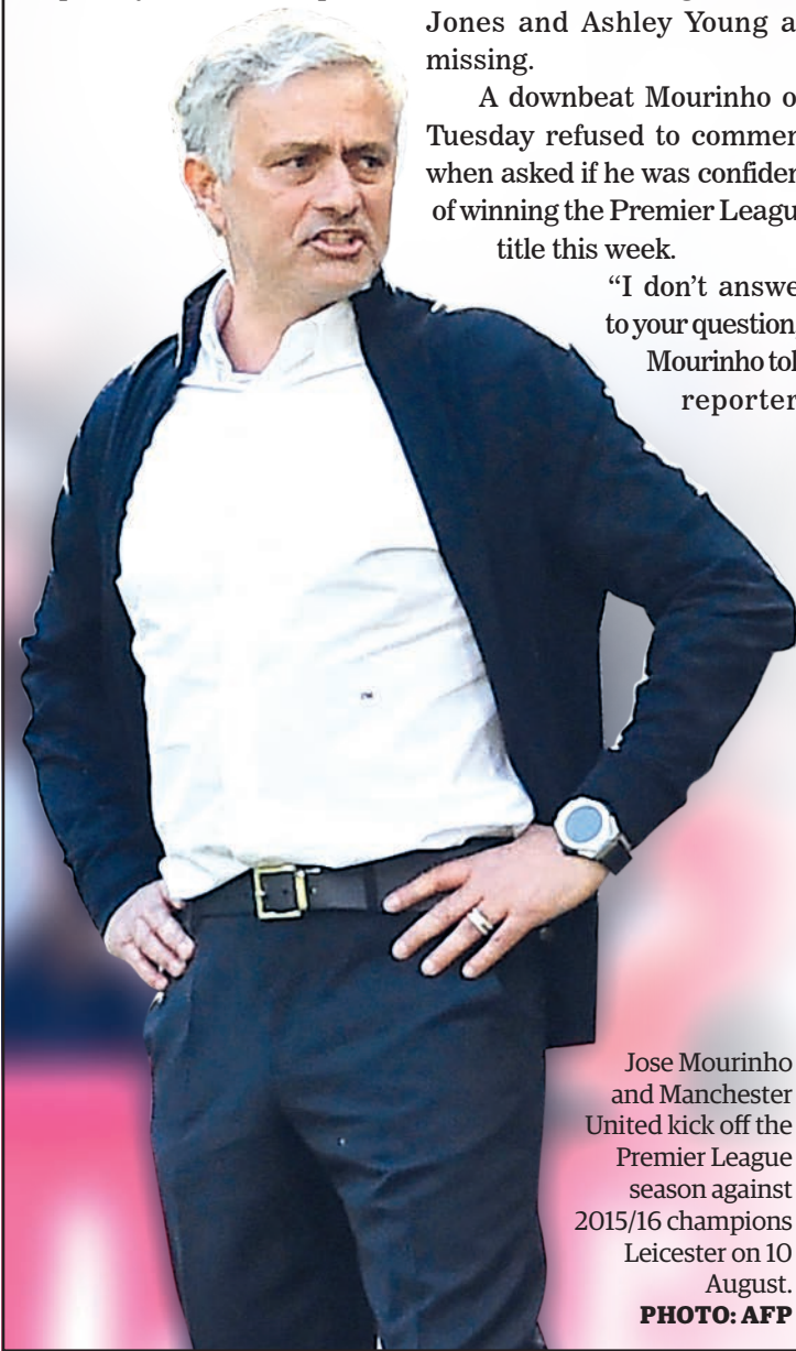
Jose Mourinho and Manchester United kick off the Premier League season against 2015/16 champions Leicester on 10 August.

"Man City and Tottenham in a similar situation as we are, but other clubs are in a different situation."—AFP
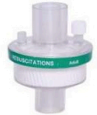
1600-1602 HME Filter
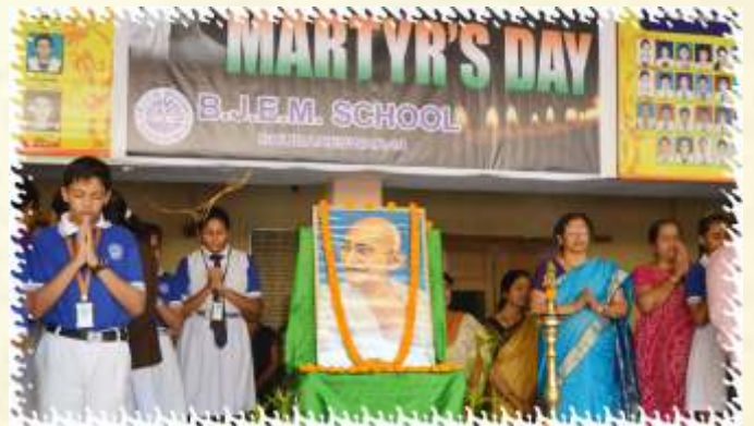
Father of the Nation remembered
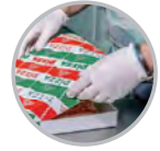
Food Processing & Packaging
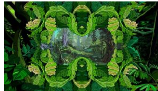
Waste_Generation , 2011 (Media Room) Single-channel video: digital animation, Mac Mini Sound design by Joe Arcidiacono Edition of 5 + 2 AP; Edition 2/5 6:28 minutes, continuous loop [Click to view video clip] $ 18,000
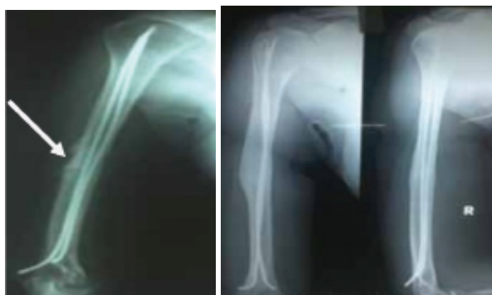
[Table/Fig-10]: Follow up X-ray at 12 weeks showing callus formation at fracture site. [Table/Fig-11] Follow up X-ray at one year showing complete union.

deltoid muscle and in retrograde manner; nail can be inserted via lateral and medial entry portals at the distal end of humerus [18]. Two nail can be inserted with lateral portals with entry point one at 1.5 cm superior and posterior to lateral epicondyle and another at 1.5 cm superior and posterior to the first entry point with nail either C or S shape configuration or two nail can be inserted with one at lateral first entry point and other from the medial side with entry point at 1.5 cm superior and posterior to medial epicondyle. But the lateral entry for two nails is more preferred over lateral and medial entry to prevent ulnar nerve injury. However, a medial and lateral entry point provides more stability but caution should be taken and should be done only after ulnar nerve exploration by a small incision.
* * * * * * * * *
• [AIM OF THE EXERCISE]:
Each record above goes into the copy unchanged; the pictures do not.

• [OUTPUT OF THE TASK]:
Jose Mourinho and Manchester United kick off the Premier League season against 2015/16 champions Leicester on 10 August.

"Man City and Tottenham in a similar situation as we are, but other clubs are in a different situation."—AFP
1600-1602 HME Filter
Father of the Nation remembered
Food Processing & Packaging
Waste_Generation , 2011 (Media Room) Single-channel video: digital animation, Mac Mini Sound design by Joe Arcidiacono Edition of 5 + 2 AP; Edition 2/5 6:28 minutes, continuous loop [Click to view video clip] $ 18,000
[Table/Fig-10]: Follow up X-ray at 12 weeks showing callus formation at fracture site. [Table/Fig-11] Follow up X-ray at one year showing complete union.

deltoid muscle and in retrograde manner; nail can be inserted via lateral and medial entry portals at the distal end of humerus [18]. Two nail can be inserted with lateral portals with entry point one at 1.5 cm superior and posterior to lateral epicondyle and another at 1.5 cm superior and posterior to the first entry point with nail either C or S shape configuration or two nail can be inserted with one at lateral first entry point and other from the medial side with entry point at 1.5 cm superior and posterior to medial epicondyle. But the lateral entry for two nails is more preferred over lateral and medial entry to prevent ulnar nerve injury. However, a medial and lateral entry point provides more stability but caution should be taken and should be done only after ulnar nerve exploration by a small incision.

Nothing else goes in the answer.